Here is some reader feedback on scenario 3. Alexis has some good suggestions that would have worked:
James had a good question about checking the status from the working controllers to confirm. In this case the other two controllers reported 172.16.1.41 as down.
Harikrishnan mentions that the CorfuDB may be corrupted. Although it wasn’t corrupted, it definitely wasn’t functional.
Chris, who commented below was right on the money:
“Check storage on esx cluster. Fix where needed and reboot the server :> Read only file system can have multiple reasons. one of the is lost storage for a too long time. A reboot would help in that case.
– nfs storage maybe failed
– disk in datastore broken”
As was kayakbeachbar:
“First of all, I would open SR with VMware GSS
In parallel, I would do my own troubleshooting.

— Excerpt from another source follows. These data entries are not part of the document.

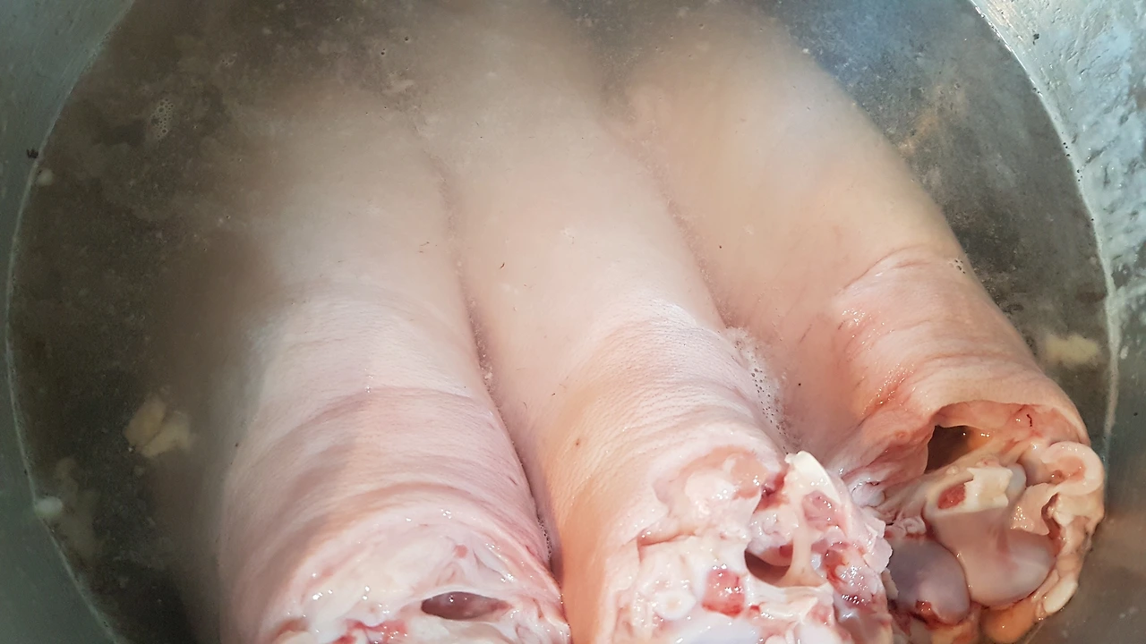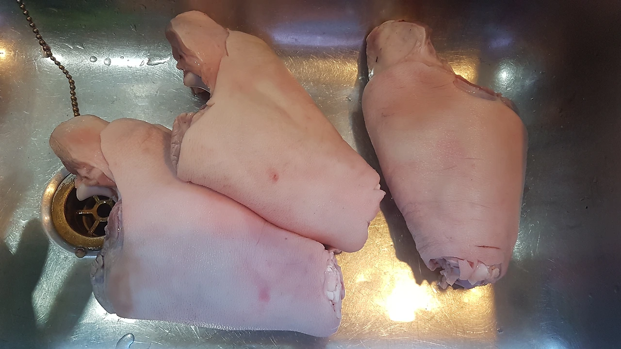 한번 끓으면 흐르는 물에 꼼꼼히 씻고 솥도 깨끗하게 씻은 다음에 다시 끓는 물에 족을 넣어서 삶는다. 이때 물은 솥의 절반 정도만 넣는다. 물이 많으면 압력이 올라가면 물이 튀고 새고.... 불은 켰다 껐다 하며 40분 정도 삶는다. 처음에는 센 불로 해서 한번 끓으면 약불로 고정한다. 열어봐서 뼈에 고기가 겨우 붙은 정도로 익힌다.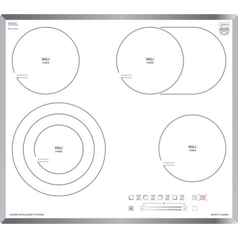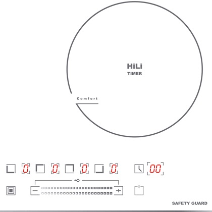 ОПИСАНИЕ КОНФОРОК 2 ? O 16,5 см – 1,2 кВт/ 1 ? O 12,0 / 17,5 / 23,0 см (0,8 / 1,6 / 2,3 кВт) – Тройная зона нагрева /1 ? O 16,5 / 16,0 ? 27,0 см (1,1 / 2,0 кВт) – Расширяемая зона нагрева
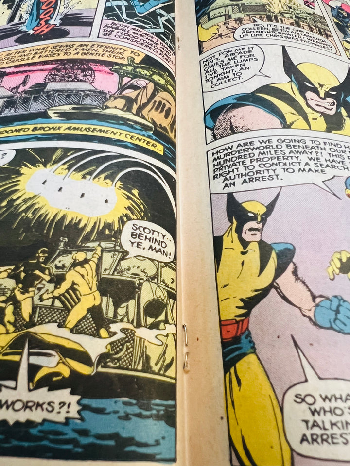 Captured by Arcade, the X-Men are being subjected to a variety of death traps in his lethal amusement park, Murderworld. Cyclops and Wolverine are currently facing off against Colossus, who has been brainwashed into thinking he is a "Proletarian", a Soviet loyalist.
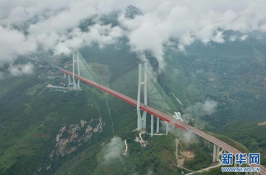 當日,杭瑞高速貴州省畢節(jié)至都格(黔滇界)公路北盤江大橋上云霧繚繞,美景如畫。北盤江大橋主橋跨徑720米,橋面到谷底垂直高度565米。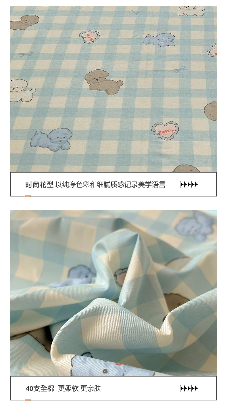商品名称:六巷胡同 2025新款40s13070全棉纯棉卡通单品系列床笠单件-单床笠 蓝格奶油狗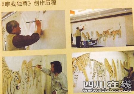 一個(gè)小時(shí)之后,事情出現(xiàn)了非常戲劇性的變化。不少關(guān)于《惟我獨(dú)尊》的照片和畫冊(cè)在同城某大廈的會(huì)議室里出現(xiàn),這里正召開(kāi)一場(chǎng)關(guān)于“打虎”的新聞發(fā)布會(huì),發(fā)布會(huì)的發(fā)起人尹青,是畫家孟祥順的好朋友,也是一名成都的律師,這次他是以孟祥順特別代理人的身份緊急約見(jiàn)成都媒體。尹律師義憤填膺地說(shuō):“現(xiàn)在正在長(zhǎng)江畫院展覽的《惟我獨(dú)尊》是百分之百的假貨,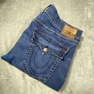 VTG True Religion Y2K Embroidered Men's Jeans 38x32 Flap Pocket Straight Cowboy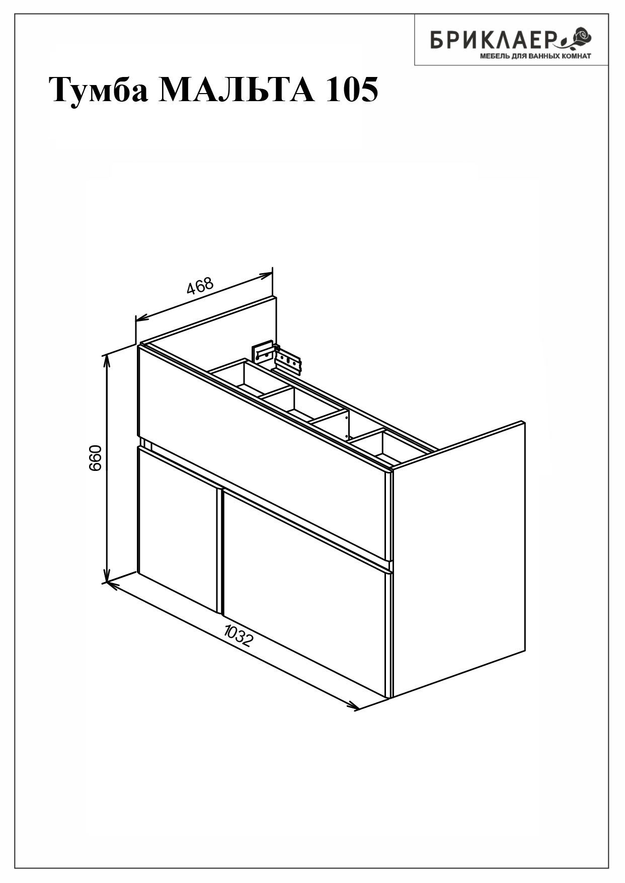 • Тумба с раковиной Бриклаер Мальта 105 (ш/в/г): 1065x660x475 мм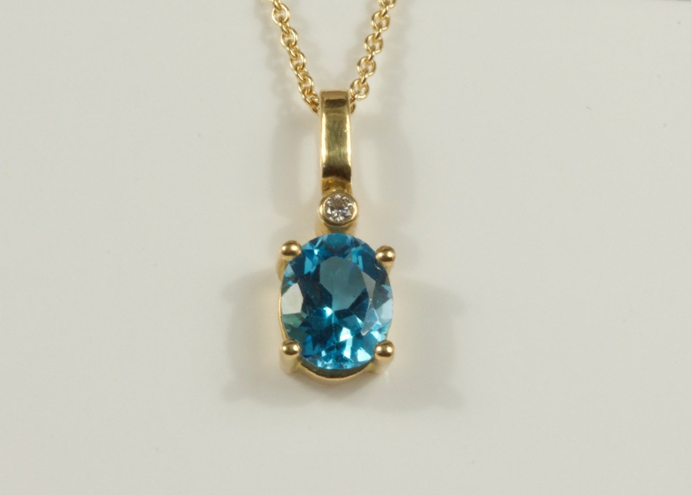 Hanger in 18 krt geelgoud met blauwe topaas.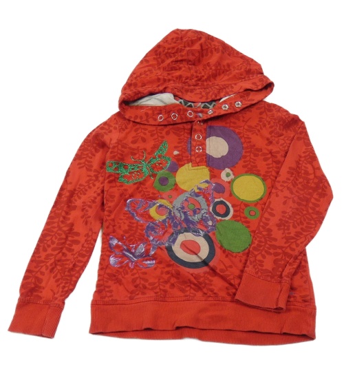 Červené vzorované triko s motýlem a kapucí Desigual

I see the message ” … Read-only file system” … on the console. I would try to understand why the file system is in read-only mode. Problem with underlying storage?”
This was a real situation I found myself in with my home lab. I had been testing some physical network card firmware options that caused esx-e3 to lose all connectivity to storage. Thanks to everyone who took the time to comment!